*Supplied entries*
============================================================
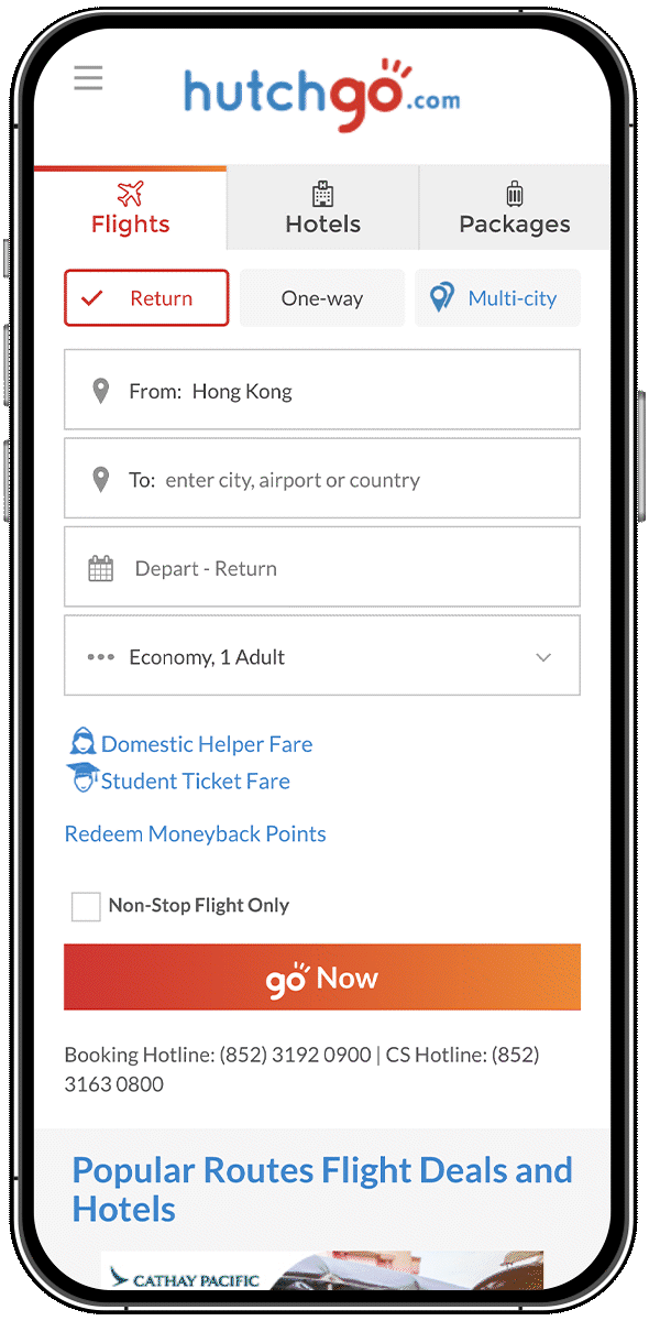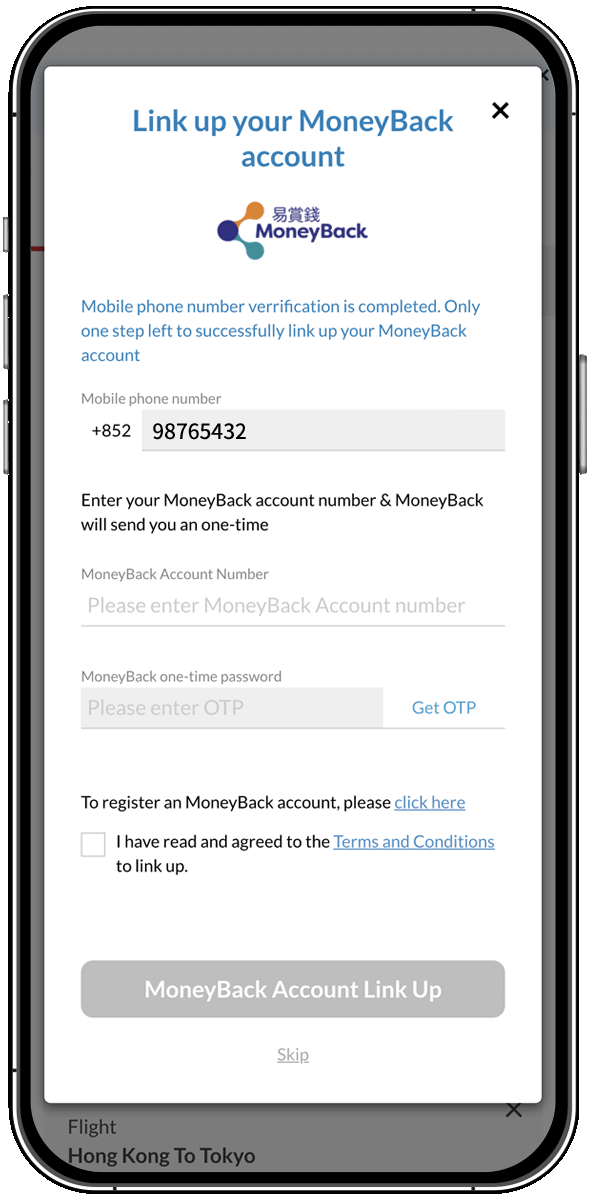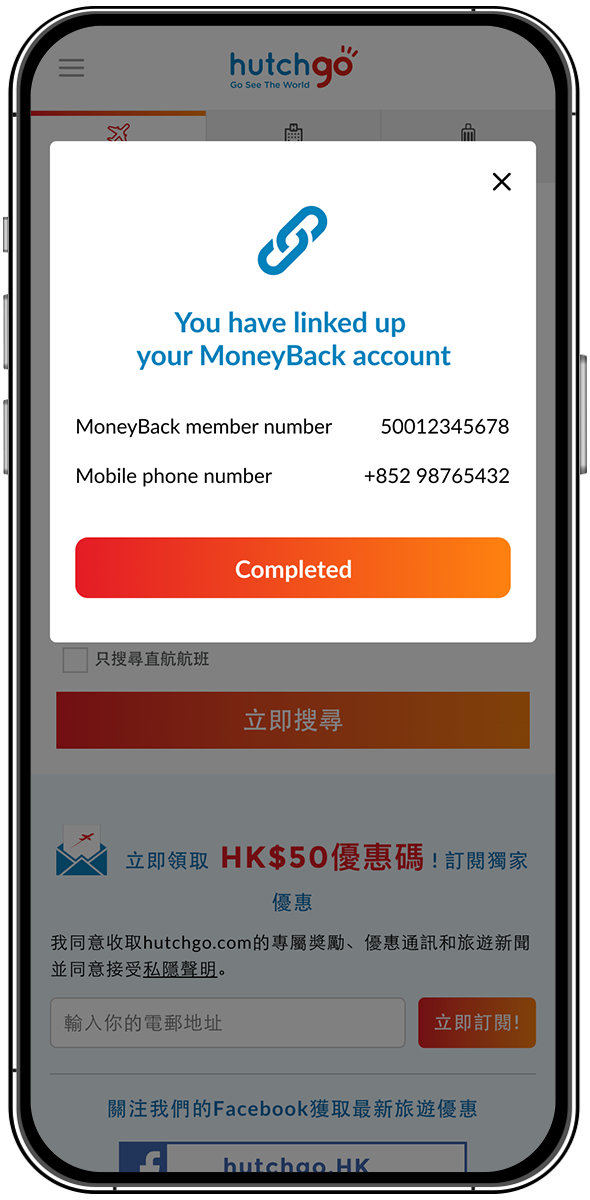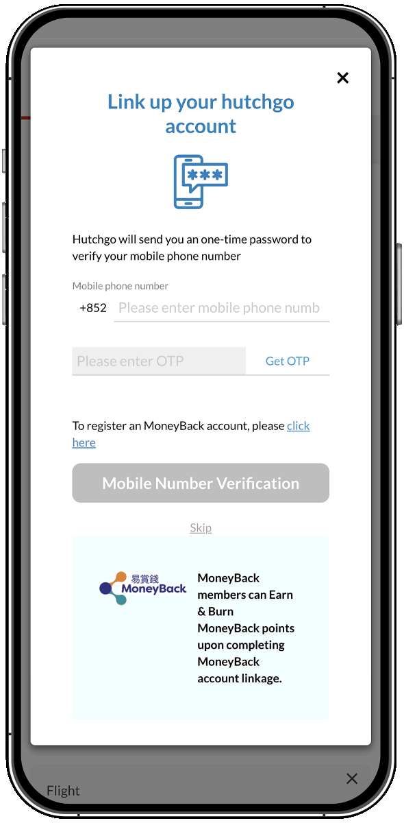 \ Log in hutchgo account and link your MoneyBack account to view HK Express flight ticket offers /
============================================================
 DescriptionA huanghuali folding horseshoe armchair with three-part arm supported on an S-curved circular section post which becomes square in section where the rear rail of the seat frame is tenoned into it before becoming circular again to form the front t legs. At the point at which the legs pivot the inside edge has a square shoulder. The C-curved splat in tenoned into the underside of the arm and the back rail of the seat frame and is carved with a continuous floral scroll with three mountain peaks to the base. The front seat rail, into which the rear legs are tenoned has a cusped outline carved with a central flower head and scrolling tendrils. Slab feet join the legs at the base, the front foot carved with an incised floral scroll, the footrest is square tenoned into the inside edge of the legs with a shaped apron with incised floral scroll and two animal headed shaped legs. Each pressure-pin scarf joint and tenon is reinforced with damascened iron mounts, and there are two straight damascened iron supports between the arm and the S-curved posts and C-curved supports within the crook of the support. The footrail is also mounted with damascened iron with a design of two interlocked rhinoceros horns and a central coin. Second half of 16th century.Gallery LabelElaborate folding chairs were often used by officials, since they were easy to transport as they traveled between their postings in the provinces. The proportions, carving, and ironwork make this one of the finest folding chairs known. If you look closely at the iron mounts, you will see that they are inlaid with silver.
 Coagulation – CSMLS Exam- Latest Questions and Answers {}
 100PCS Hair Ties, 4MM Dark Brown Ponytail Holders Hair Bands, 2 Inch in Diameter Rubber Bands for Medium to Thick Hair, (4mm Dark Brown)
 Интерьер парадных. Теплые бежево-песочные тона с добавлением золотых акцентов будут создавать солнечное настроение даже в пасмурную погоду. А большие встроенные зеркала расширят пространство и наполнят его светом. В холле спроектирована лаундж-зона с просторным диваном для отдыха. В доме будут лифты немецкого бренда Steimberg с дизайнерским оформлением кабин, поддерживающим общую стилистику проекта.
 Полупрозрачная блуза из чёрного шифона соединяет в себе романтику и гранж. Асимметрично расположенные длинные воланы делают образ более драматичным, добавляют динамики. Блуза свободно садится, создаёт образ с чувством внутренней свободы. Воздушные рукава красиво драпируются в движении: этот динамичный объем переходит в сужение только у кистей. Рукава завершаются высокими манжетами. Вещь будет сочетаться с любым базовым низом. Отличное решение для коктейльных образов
============================================================
*Aim of the task*
Of the entries above, repeat exactly the lines between the line with "Coagulation – CSMLS" and the line with "100PCS Hair Ties, 4MM", inclusive, and no others.

*Worked solution*
 Coagulation – CSMLS Exam- Latest Questions and Answers {}
 100PCS Hair Ties, 4MM Dark Brown Ponytail Holders Hair Bands, 2 Inch in Diameter Rubber Bands for Medium to Thick Hair, (4mm Dark Brown)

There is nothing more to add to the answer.